Atypical femur fracture risk high for bisphosphonate users, study found
ASBMR Annual Meeting
TORONTO — New data reveal an association between oral bisphosphonate use and atypical subtrochanteric femoral fractures, researchers said at the American Society of Bone and Mineral Research 2010 Annual Meeting.
“There is a very strong association between these medications and these [atypical] fractures,” Christian Girgis, MBBS, clinical associate lecturer and endocrinology trainee at the University of Sydney, Australia, told Endocrine Today. “However, these fractures are very rare — much rarer than the garden-variety, osteoporotic fractures which these drugs are very good at preventing. On balance, [bisphosphonates] prevent more fractures than they are associated with.”
Girgis and colleagues conducted a 5-year, retrospective study that included 152 patients who were admitted to an Australian hospital for a subtrochanteric or mid-shaft femoral fracture between June 2003 and May 2008. The mean age of patients was 78 years, and the majority were women.

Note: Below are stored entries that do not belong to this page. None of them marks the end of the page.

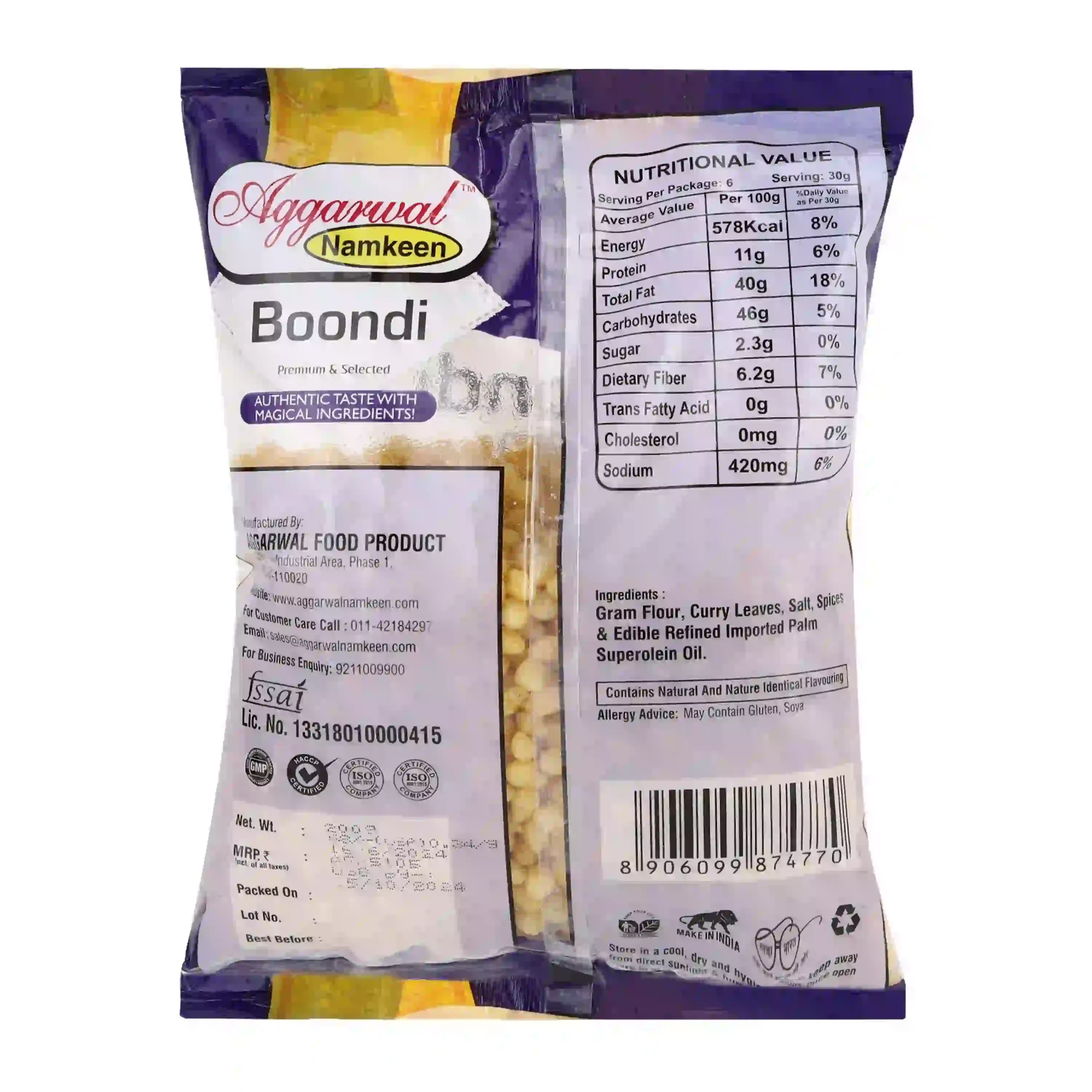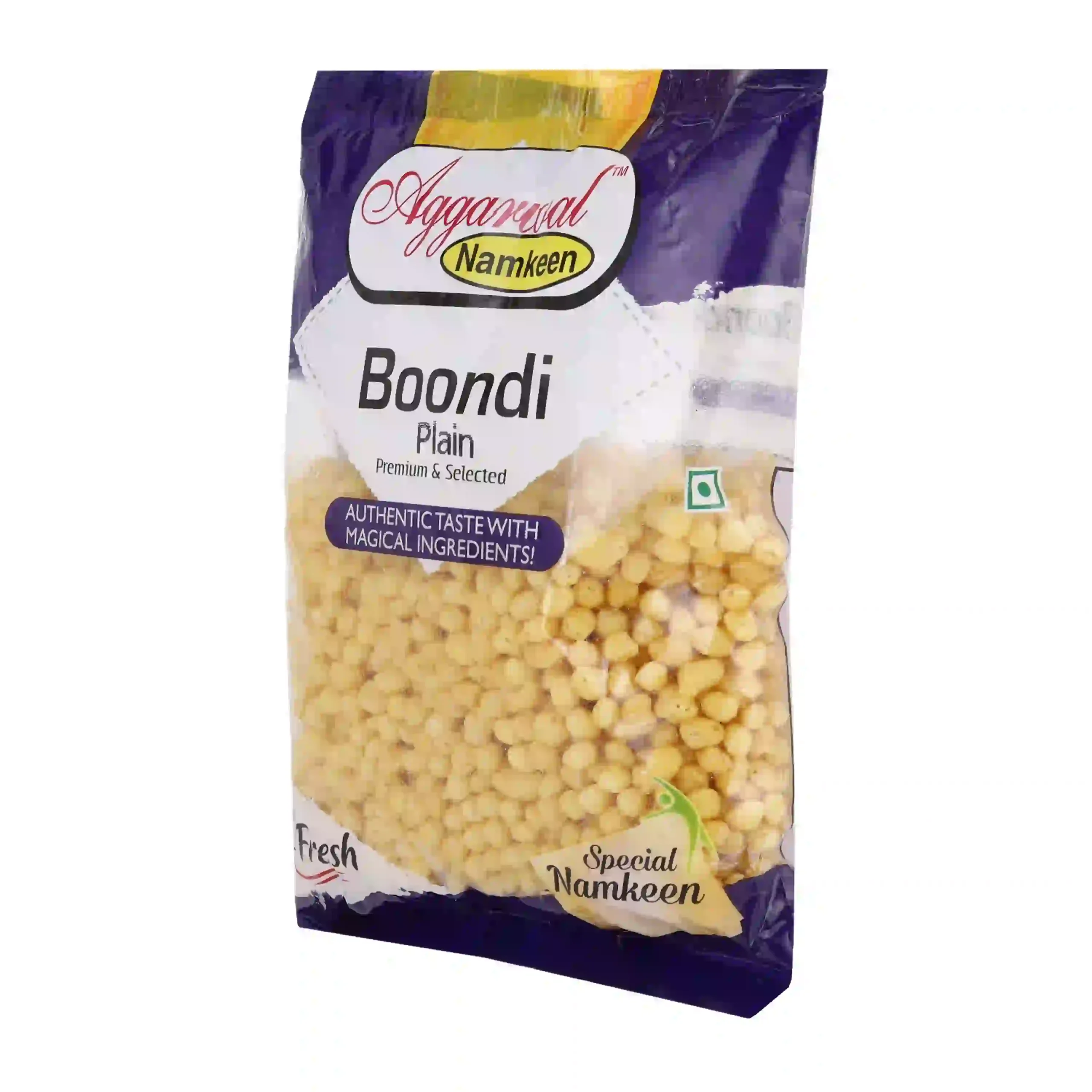 Boondi Plain consists of tiny, crisp gram flour pearls. It?s perfect for snacking or adding to raita and chaats.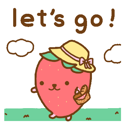 A cute animated strawberry character wearing a hat and carrying a picnic basket, ready to go on an adventure.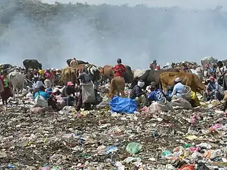 Managua's population has considerably expanded since 1995.[5] Consequently, garbage production has also increased. Managua produces over 1,200 tons of garbage daily.[3] There are big trucks full of garbage that arrive in La Chureca every day at all hours of the day. There are approximately 3000 individuals who make their living working in La Chureca.[3] Of these, approximately 115–180 families live within La Chureca. The individuals who work and live in La Chureca are named ‘churequeros’ and they are some of the poorest people of the country. Of these, more than 50% are children under the age of 18.[4] Children are most often involved in more than one activity, most frequently: handling glass, metals, and plastics.[4] Working in La Chureca is considered one of the worst forms of child labour in Nicaragua.[4] Some of the most common activities of La Chureca workers of all ages include: recollection, classification, selling, storing, and cleaning of recyclable waste.[6] Over the years, ‘churequeros’ have figured out ways of organizing the trash and making small profits off salvageable and recyclable materials.[5] These individuals swarm all around La Chureca with makeshift spears which are used to pick through the garbage which is then sorted and sold to suppliers of recyclable materials. Workers in La Chureca are self-employed individuals and, or families who collect salvageable items such as plastic, aluminum cans, and scrap metals such as copper and iron.[5] These workers are highly organized labour chains. That is, if one person collects glass, the other will clean it, another will crush and recycle it and another will sell it to a collector who will then sell it to different companies.[3] It is clear that the existing piles of garbage would be much larger if it were not for the individuals that work there.[3] La Chureca produces approximately US$20 million a year in marketable garbage and Churequeros earn between US$1.50 and US$2 a day.[5] Materials are often sold by the pound. For example, eleven pounds of aluminum equates to roughly twelve córdoba profits (US$0.63) for garbage sorters.[5]
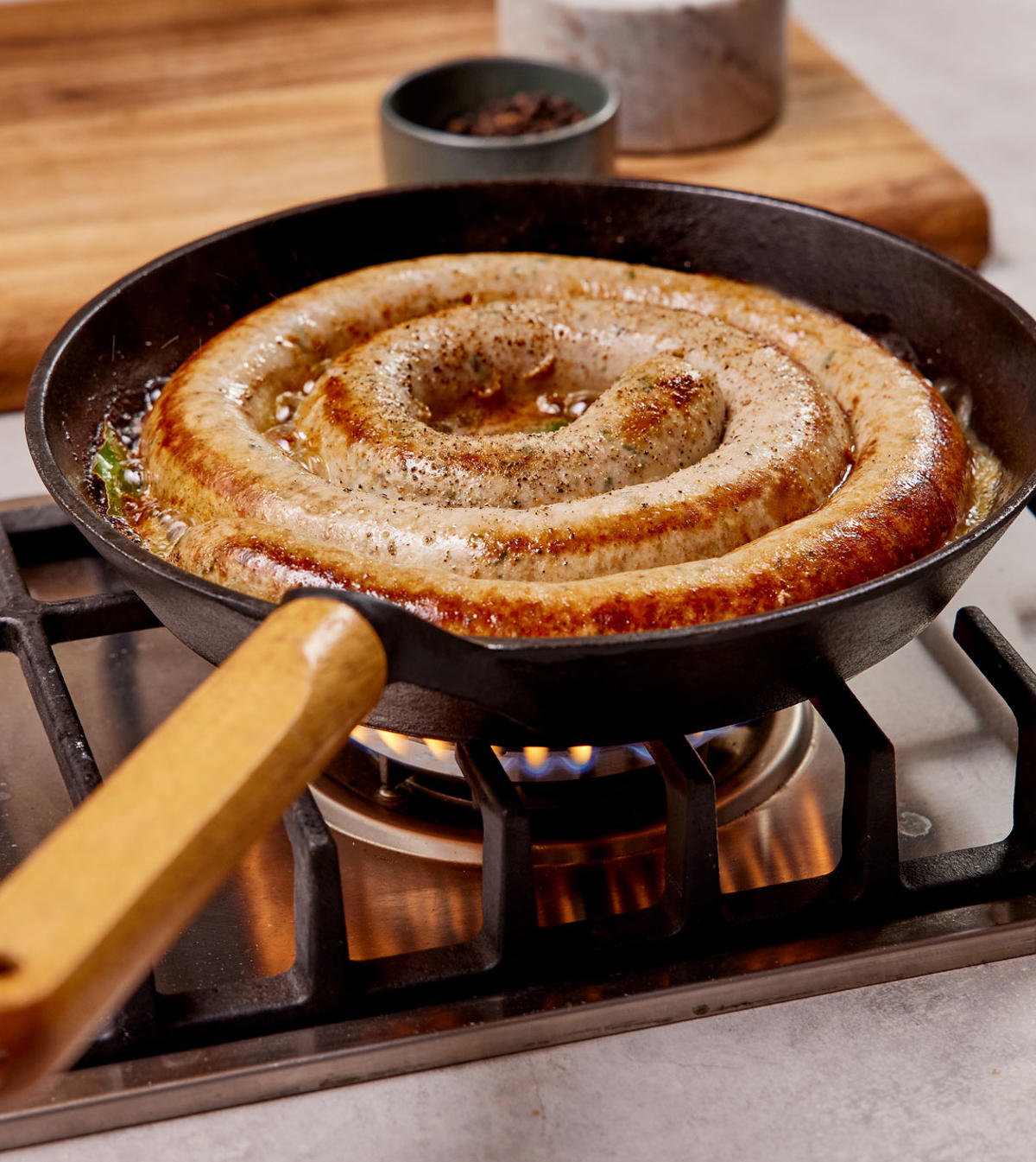 Stegt medister over bål med tilbehør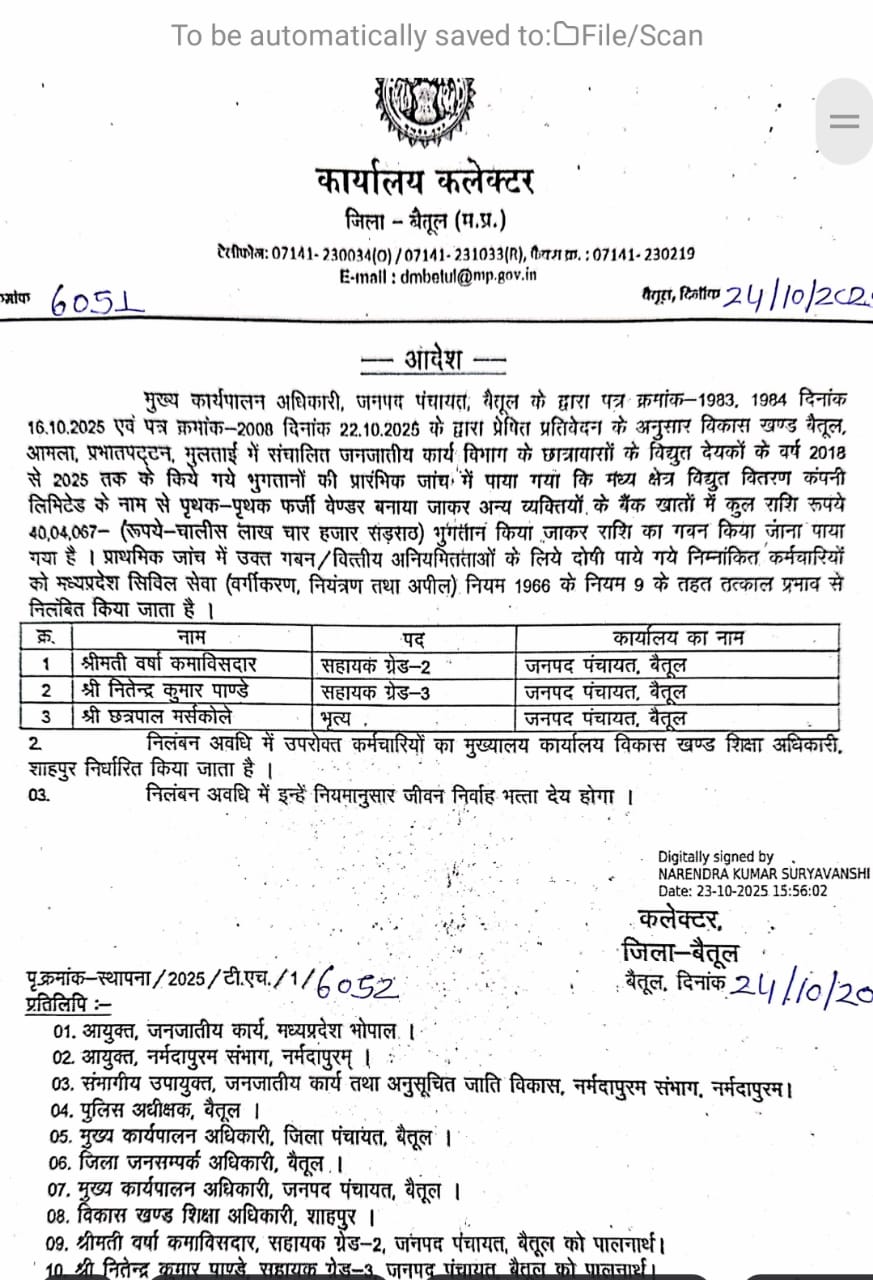 इस तरह कुल ₹40,04,067 का गबन किया गया। प्रारंभिक जांच रिपोर्ट के आधार पर मुख्य कार्यपालन अधिकारी, जनपद पंचायत बैतूल ने कार्रवाई करते हुए तीन कर्मचारियों को दोषी पाया और उन्हें तत्काल प्रभाव से निलंबित कर दिया है।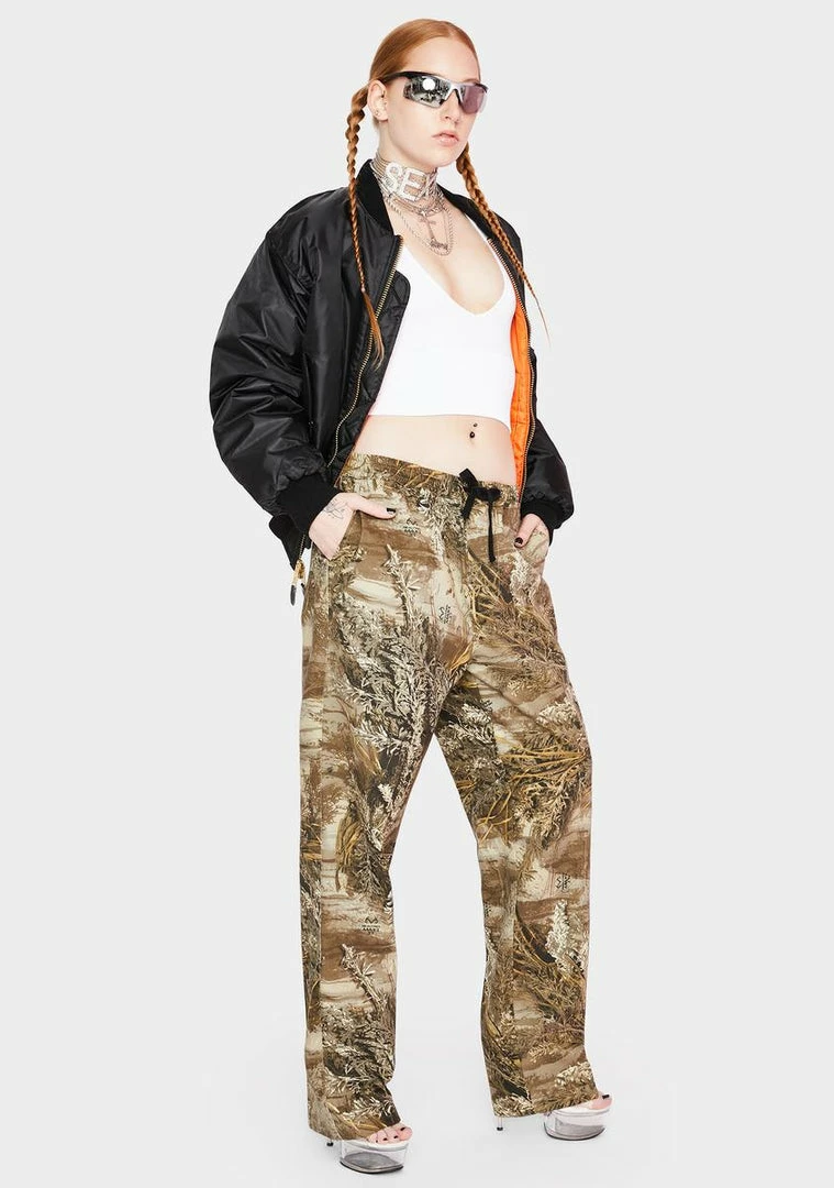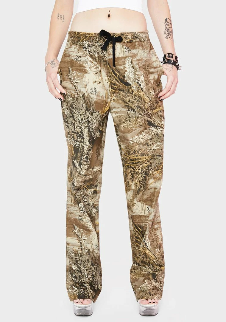 because you keep it lowkey. These mid-rise camo pants have a baggy straight leg fit, stretchy drawstring elastic waistband and pockets at the waist and back.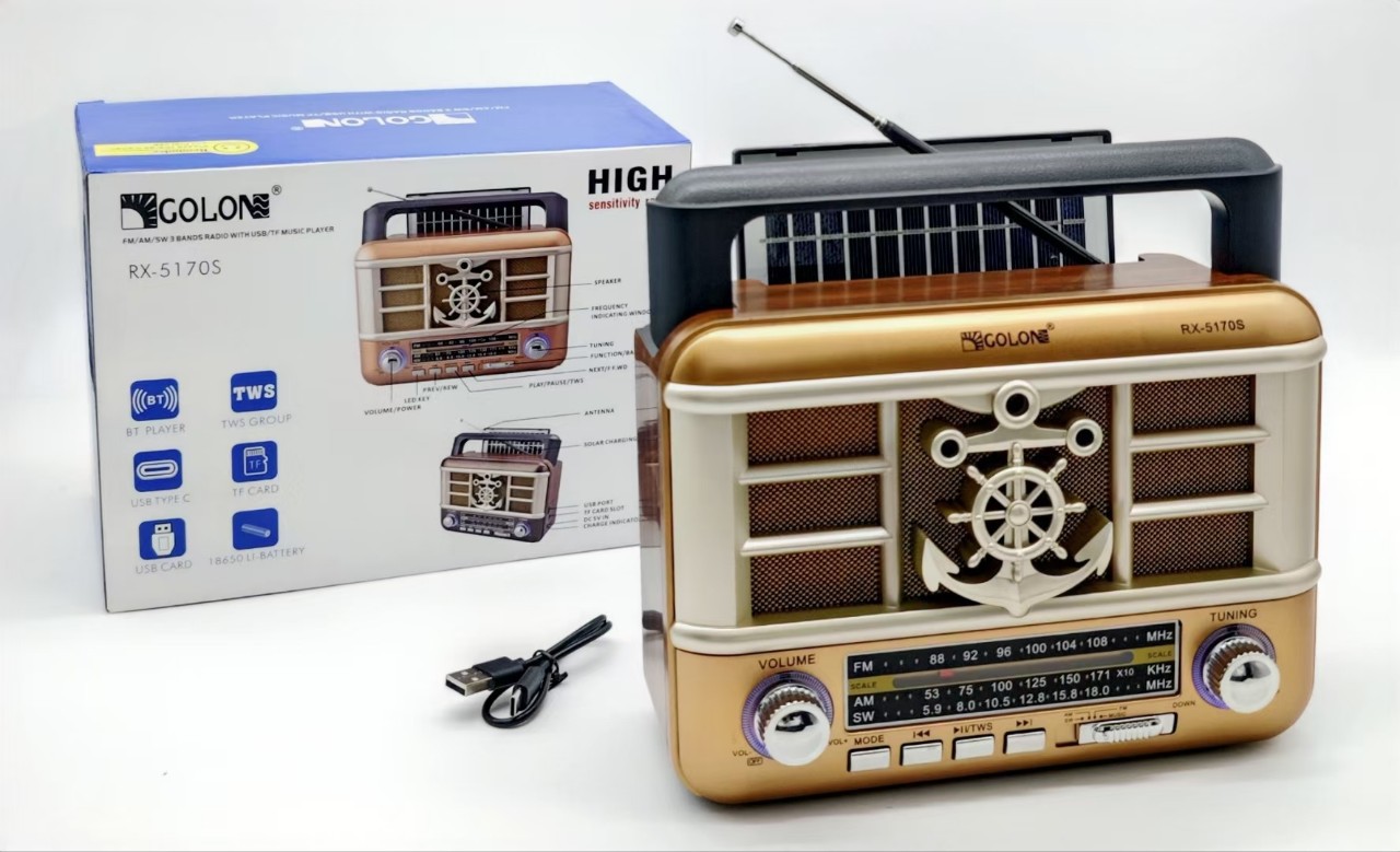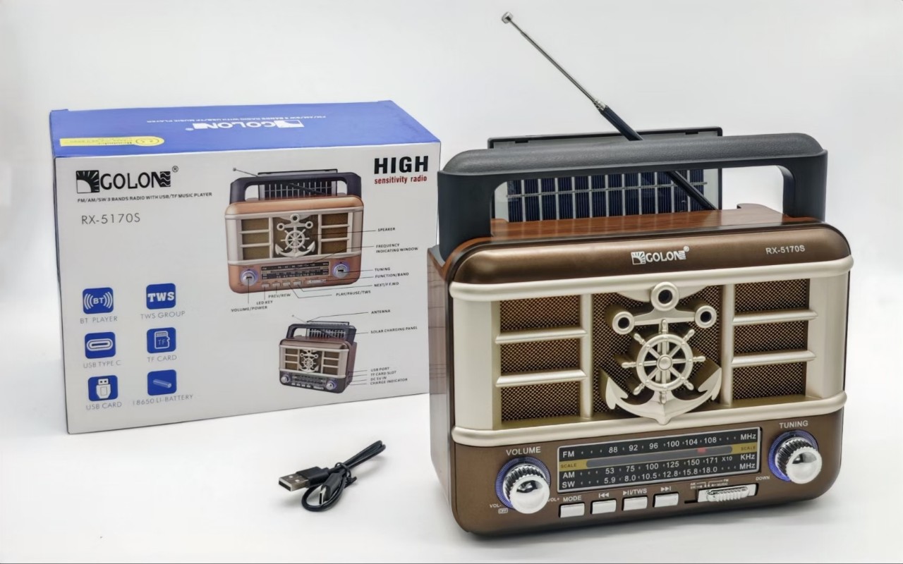 새로운 RX-5170 레트로 라디오 3 밴드 FM 휴대용 야외 휴대용 블루투스 오디오 다채로운 조명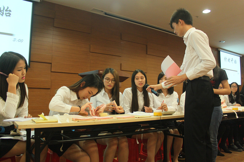 在播放参赛选手们的风采展示和亲友团助威后,比赛正式拉开帷幕。参赛队伍通过必答和抢答题的形式完成点钞、制作会计分录、案例分析等环节。点钞时那娴熟的手法、抢答时那快速反应能力、制作分录时那快速的运算、案例分析时那生动幽默的语言,让现场的观众们都称赞不已。各个小组的分数在各个环节不断地交替领先,比赛进行得紧张而激烈。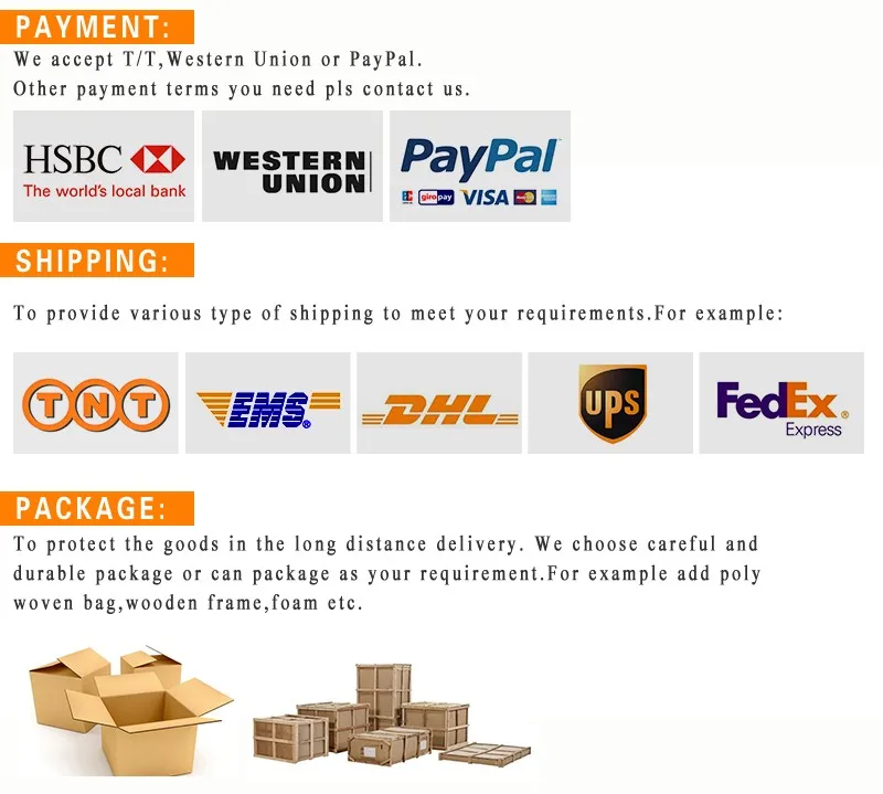 6.Easy and multiple payment:Bank transfer,T/T,Western Union,Paypal and so on.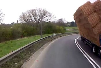 Dramatic dash-cam footage captured the terrifying accident which took place on the A17 in Newark, Notts., at 9am on Tuesday (28/3). It shows the HGV transporting hay bales coming around a corner before it starts to lean into the path of the oncoming Mid UK Recycling truck as it starts to overturn. Tonnes of bales of gate can then be seen spilling down in front of the camera as the offending lorry comes to precariously rest against the other vehicle...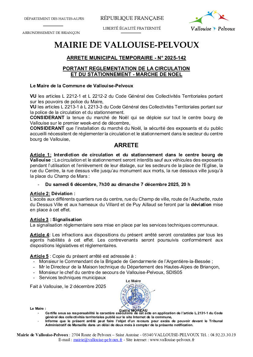 La circulation et le stationnement sont interdits dans le centre bourg de Vallouise, place de l'église, ce week-end en raison de l'installation du marché de Noël, samedi 6 et dimanche 7 déc.

The researchers differentiated atypical fractures from osteoporotic fractures, noting that atypical fractures had three distinct features: “The fractures have a transverse or oblique line in an area of cortical thickening with a medial unicortical beak,” Girgis said.
The researchers found that 20 atypical fractures occurred in the shaft region and 132 non-atypical fractures occurred in the subtrochanteric region. Of the 20 patients who experienced atypical fractures, 17 were using bisphosphonates compared with just three of the 132 patients without atypical fractures. Alendronate (Fosamax, Merck) and risedronate (Actonel, Warner Chilcott) were the bisphosphonates used, for less than a mean of 5 years in both groups.
The risk for an atypical vs. typical fracture was calculated as 37.4-fold in bisphosphonate users. In addition, the atypical fracture pattern was 96.7% amongst bisphosphonate users.
The mean annual incidence of atypical femoral fractures was 0.23 per 10,000 people in the general population in Australia and 1.66 per 10,000 people aged 65 years or older. Based on specific bisphosphonate use, the mean annual incidence of atypical fractures was estimated to range from 11 to 33 per 10,000 among alendronate users and from 2.5 to 7.4 per 10,000 risedronate users.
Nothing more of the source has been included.